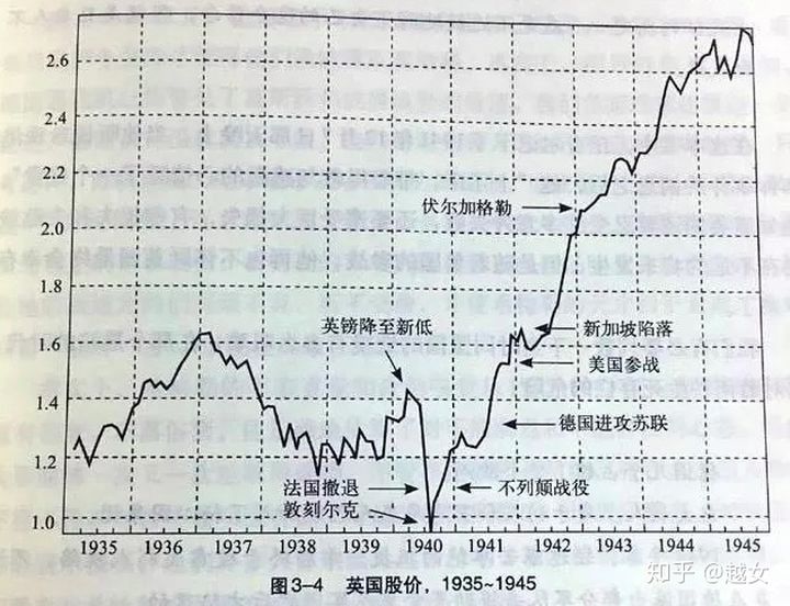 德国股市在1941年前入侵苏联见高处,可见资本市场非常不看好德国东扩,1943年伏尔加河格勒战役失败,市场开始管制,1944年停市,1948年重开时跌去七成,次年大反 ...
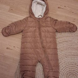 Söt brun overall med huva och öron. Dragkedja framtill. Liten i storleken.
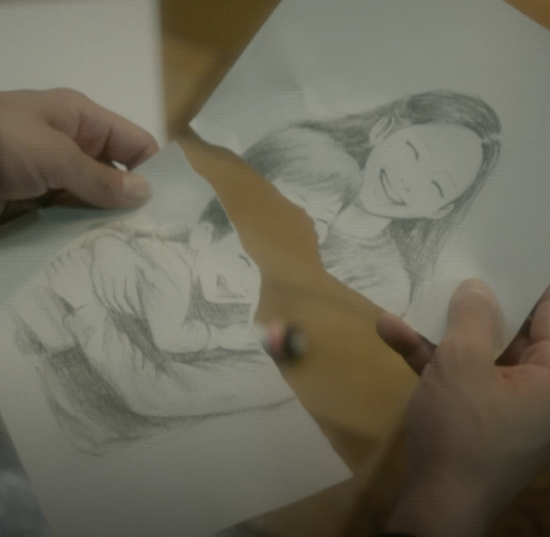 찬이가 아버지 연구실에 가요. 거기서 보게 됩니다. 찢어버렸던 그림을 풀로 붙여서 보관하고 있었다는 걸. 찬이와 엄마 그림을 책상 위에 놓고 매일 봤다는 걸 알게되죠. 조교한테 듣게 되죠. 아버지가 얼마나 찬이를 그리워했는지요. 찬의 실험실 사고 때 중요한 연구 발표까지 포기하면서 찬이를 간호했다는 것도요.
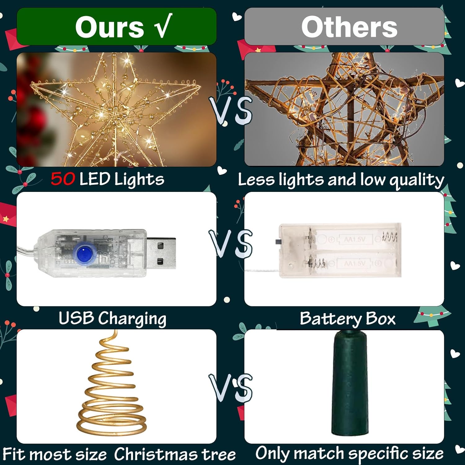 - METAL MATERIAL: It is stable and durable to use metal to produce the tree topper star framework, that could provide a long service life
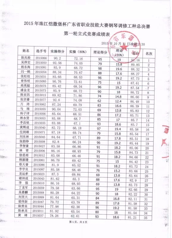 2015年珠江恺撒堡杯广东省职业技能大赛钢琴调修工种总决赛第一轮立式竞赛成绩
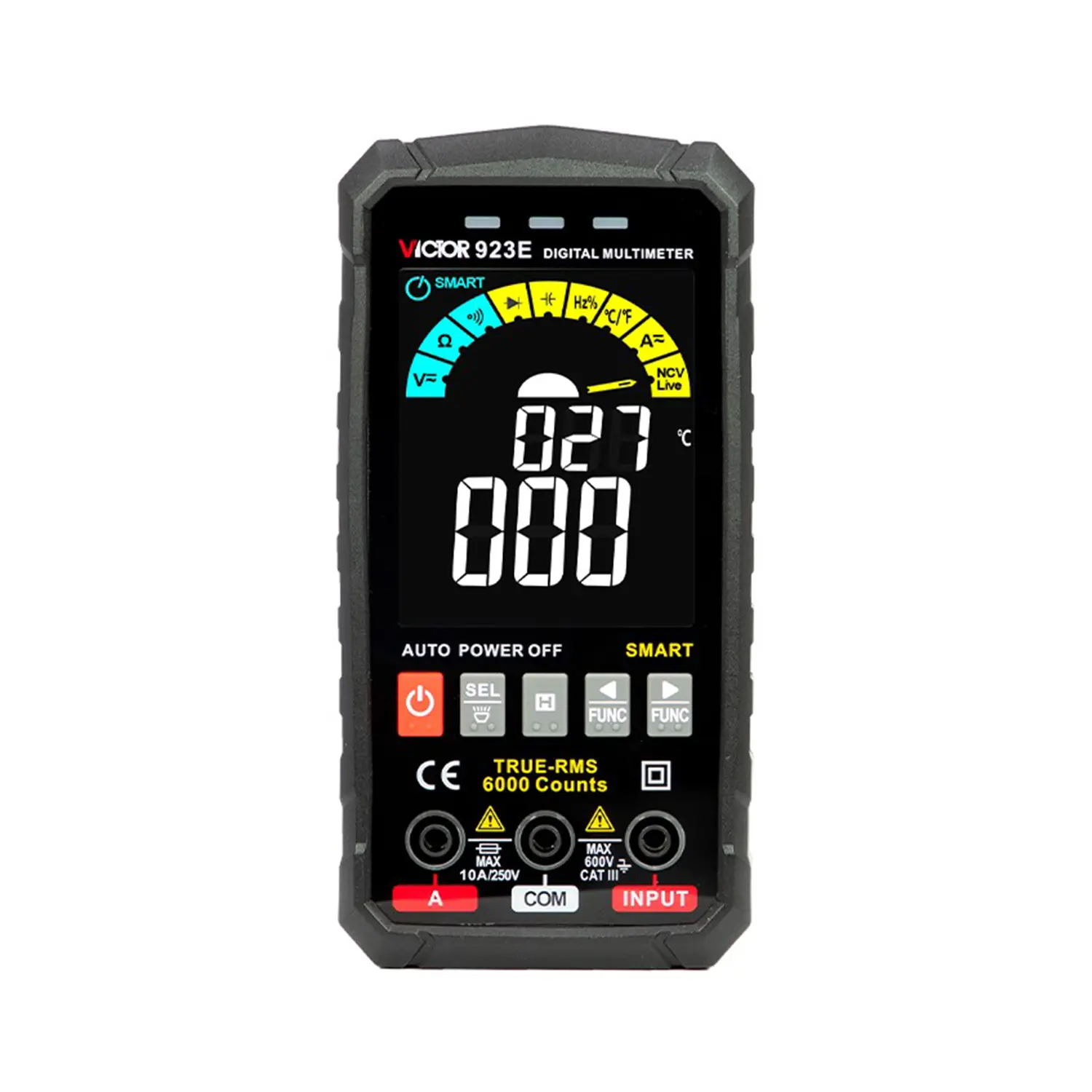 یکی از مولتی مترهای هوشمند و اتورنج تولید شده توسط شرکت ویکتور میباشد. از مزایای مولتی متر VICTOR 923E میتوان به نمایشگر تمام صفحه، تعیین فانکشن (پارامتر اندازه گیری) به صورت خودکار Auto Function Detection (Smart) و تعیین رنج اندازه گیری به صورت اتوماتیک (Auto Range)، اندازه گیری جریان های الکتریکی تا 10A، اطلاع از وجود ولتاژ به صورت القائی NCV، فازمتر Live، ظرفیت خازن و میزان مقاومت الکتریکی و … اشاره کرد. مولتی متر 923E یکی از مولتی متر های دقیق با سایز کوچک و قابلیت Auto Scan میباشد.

──────

● **Problem description**
Could you output the lines above exactly, with no pictures included?

● **Answer to this task**
 德国股市在1941年前入侵苏联见高处,可见资本市场非常不看好德国东扩,1943年伏尔加河格勒战役失败,市场开始管制,1944年停市,1948年重开时跌去七成,次年大反 ...
 Söt brun overall med huva och öron. Dragkedja framtill. Liten i storleken.
 찬이가 아버지 연구실에 가요. 거기서 보게 됩니다. 찢어버렸던 그림을 풀로 붙여서 보관하고 있었다는 걸. 찬이와 엄마 그림을 책상 위에 놓고 매일 봤다는 걸 알게되죠. 조교한테 듣게 되죠. 아버지가 얼마나 찬이를 그리워했는지요. 찬의 실험실 사고 때 중요한 연구 발표까지 포기하면서 찬이를 간호했다는 것도요.
 - METAL MATERIAL: It is stable and durable to use metal to produce the tree topper star framework, that could provide a long service life
 2015年珠江恺撒堡杯广东省职业技能大赛钢琴调修工种总决赛第一轮立式竞赛成绩
 یکی از مولتی مترهای هوشمند و اتورنج تولید شده توسط شرکت ویکتور میباشد. از مزایای مولتی متر VICTOR 923E میتوان به نمایشگر تمام صفحه، تعیین فانکشن (پارامتر اندازه گیری) به صورت خودکار Auto Function Detection (Smart) و تعیین رنج اندازه گیری به صورت اتوماتیک (Auto Range)، اندازه گیری جریان های الکتریکی تا 10A، اطلاع از وجود ولتاژ به صورت القائی NCV، فازمتر Live، ظرفیت خازن و میزان مقاومت الکتریکی و … اشاره کرد. مولتی متر 923E یکی از مولتی متر های دقیق با سایز کوچک و قابلیت Auto Scan میباشد.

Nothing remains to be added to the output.